# How do you change front coil springs on 06 F250?



## metallihockey88 (Dec 12, 2008)

ive got a 2006 Ford F250 Ext. Cab Diesel. i want ot change the front 5200lb springs to some 6500lb springs i picked up last year. i never got around to change them last year and now dont have the money to have them done. i hear they are real easy from everyone to change. everyone says they take about an hour to do. i would like to do them myself but was wondering how you do it? do i need any special tools? what are the basic steps? im mechanically inclined and do all my own work on my truck so im sure with a little direction it should be fairly easy. any help would be apprciated. thanx


----------



## rob_cook2001 (Nov 15, 2008)

I have done a few, takes a couple of hours. I think the first time i did them it took about 4 hours. My directions suck but you need jack the front of the truck up 1.5-2 feet. Put the frame on jackstands, then jack the axle up, take the shocks loose, depending on some trucks you might need to loosen the brake lines. Let the axle down until you can pull the springs out, put new springs in, jack axle up, put shocks back in. jack up a little more, remove jackstands, let down and your done.
DAMN I can NOT type lol


----------



## Brian Young (Aug 13, 2005)

metallihockey88;1072592 said:


> ive got a 2006 Ford F250 Ext. Cab Diesel. i want ot change the front 5200lb springs to some 6500lb springs i picked up last year. i never got around to change them last year and now dont have the money to have them done. i hear they are real easy from everyone to change. everyone says they take about an hour to do. i would like to do them myself but was wondering how you do it? do i need any special tools? what are the basic steps? im mechanically inclined and do all my own work on my truck so im sure with a little direction it should be fairly easy. any help would be apprciated. thanx


Its kind of tough without a lift. My advise, take it to a dealer, I think it pays (the tech) 1.2 hrs a side but dont quote me. Why I say its too hard without a lift is you have to let the axle, wheel and everything drop so far in order to remove the extended spring, plus where ya going to jack it up, cant use the axle. If there is even the slightest tension on the spring it could spell disaster if it came out. When I was a Ford tech a couple years ago I had a spring, in the spring compressor tool that was mounted to a wall in the shop. It was only compressed 1/2 of the way and it came out and sailed 50yrds down the shop and took a nice chunk out of a cinder block wall. (and this was a small spring assembly). Unless you have a small compressor tool that goes on an impact gun (which are not very safe IMO) your kinda stuck taking it to a dealer.


----------



## metallihockey88 (Dec 12, 2008)

thanks for the quick responses guys. one last thing, does the axle drop enough from disconnecting the shocks to accomadate the extra 1.5in or so taller the new springs will be?


----------



## Brian Young (Aug 13, 2005)

metallihockey88;1072622 said:


> thanks for the quick responses guys. one last thing, does the axle drop enough from disconnecting the shocks to accomadate the extra 1.5in or so taller the new springs will be?
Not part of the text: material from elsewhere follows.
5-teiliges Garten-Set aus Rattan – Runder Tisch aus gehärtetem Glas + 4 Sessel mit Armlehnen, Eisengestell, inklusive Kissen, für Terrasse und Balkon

It will as long as you have the truck raised up enough. Its not like the spring is compressed 6 inches but it will extend quite a bit. One thing you might want to check, and I think you'll be ok but the length of the shock might be an issue. The new springs are going to be a bit longer but definitely stiffer so they wont compress as much. The last switch over I did was quite a few years ago but I think original shocks were fine. Just spray down the shock bolts really well before you snap them off.


----------



## metallihockey88 (Dec 12, 2008)

alright cool. thanx a lot guys, appreciate the help. got all the info i need. ill give it a try tommorow and see what happens. think i should be fine.


----------



## Brian Young (Aug 13, 2005)

metallihockey88;1072656 said:


> alright cool. thanx a lot guys, appreciate the help. got all the info i need. ill give it a try tommorow and see what happens. think i should be fine.


Snap a before and after pic please. I am thinking of doing this to my 06. Ever since we put on a back drag edge on our Fisher Extreme V, while in "V" position driving down the road the edge of the back drag edge hits the road on bumps and dips. It freaks people out beside me while driving. :laughing:


----------



## metallihockey88 (Dec 12, 2008)

Brian Young;1072671 said:


> Snap a before and after pic please. I am thinking of doing this to my 06. Ever since we put on a back drag edge on our Fisher Extreme V, while in "V" position driving down the road the edge of the back drag edge hits the road on bumps and dips. It freaks people out beside me while driving. :laughing:


lol i know exactly what your talkin about. when i had my gmc it would bottom out and scrap all the time and scare the hell outta whoever was with me. the 5200lb springs hold my 8ft boss great, not much sag and without the chain it doesnt bounce anywhere near as bad. mostly doin it to raise up the front end a bit since im addin a leaf in the back. you just want pics of the height difference or pics of somethin specific?


----------



## Sawboy (Dec 18, 2005)

Brian touched on it, but I just want to say it with a touch more emphasis. This is an "easy" job, but one that's VERY dangerous. A loaded spring can kill you. A head shot or a chest shot can do it. I personally called the EMT's for a guy in my shop when the spring compressor broke. Spring hit him in the chest and he was out like a light. Breathing real erratic, came to about 30 seconds later. He was in terrible pain. Final story was a cracked sternum, some broken ribs, and a bruised lung and heart. Yeah, and actual bruise to his heart. Not trying to be doom and gloom, just lending personal experience. 

Oh yeah, and he was 6'5", about 260 in great shape. Please be careful.


----------



## Brian Young (Aug 13, 2005)

metallihockey88;1072683 said:


> lol i know exactly what your talkin about. when i had my gmc it would bottom out and scrap all the time and scare the hell outta whoever was with me. the 5200lb springs hold my 8ft boss great, not much sag and without the chain it doesnt bounce anywhere near as bad. mostly doin it to raise up the front end a bit since im addin a leaf in the back. you just want pics of the height difference or pics of somethin specific?


Just a side shot of the truck before then after, thanks.


----------



## Brian Young (Aug 13, 2005)

Sawboy;1072696 said:


> Brian touched on it, but I just want to say it with a touch more emphasis. This is an "easy" job, but one that's VERY dangerous. A loaded spring can kill you. A head shot or a chest shot can do it. I personally called the EMT's for a guy in my shop when the spring compressor broke. Spring hit him in the chest and he was out like a light. Breathing real erratic, came to about 30 seconds later. He was in terrible pain. Final story was a cracked sternum, some broken ribs, and a bruised lung and heart. Yeah, and actual bruise to his heart. Not trying to be doom and gloom, just lending personal experience.
> 
> Oh yeah, and he was 6'5", about 260 in great shape. Please be careful.


Yikes! Mine was a little spring mounted on a strut assembly.


----------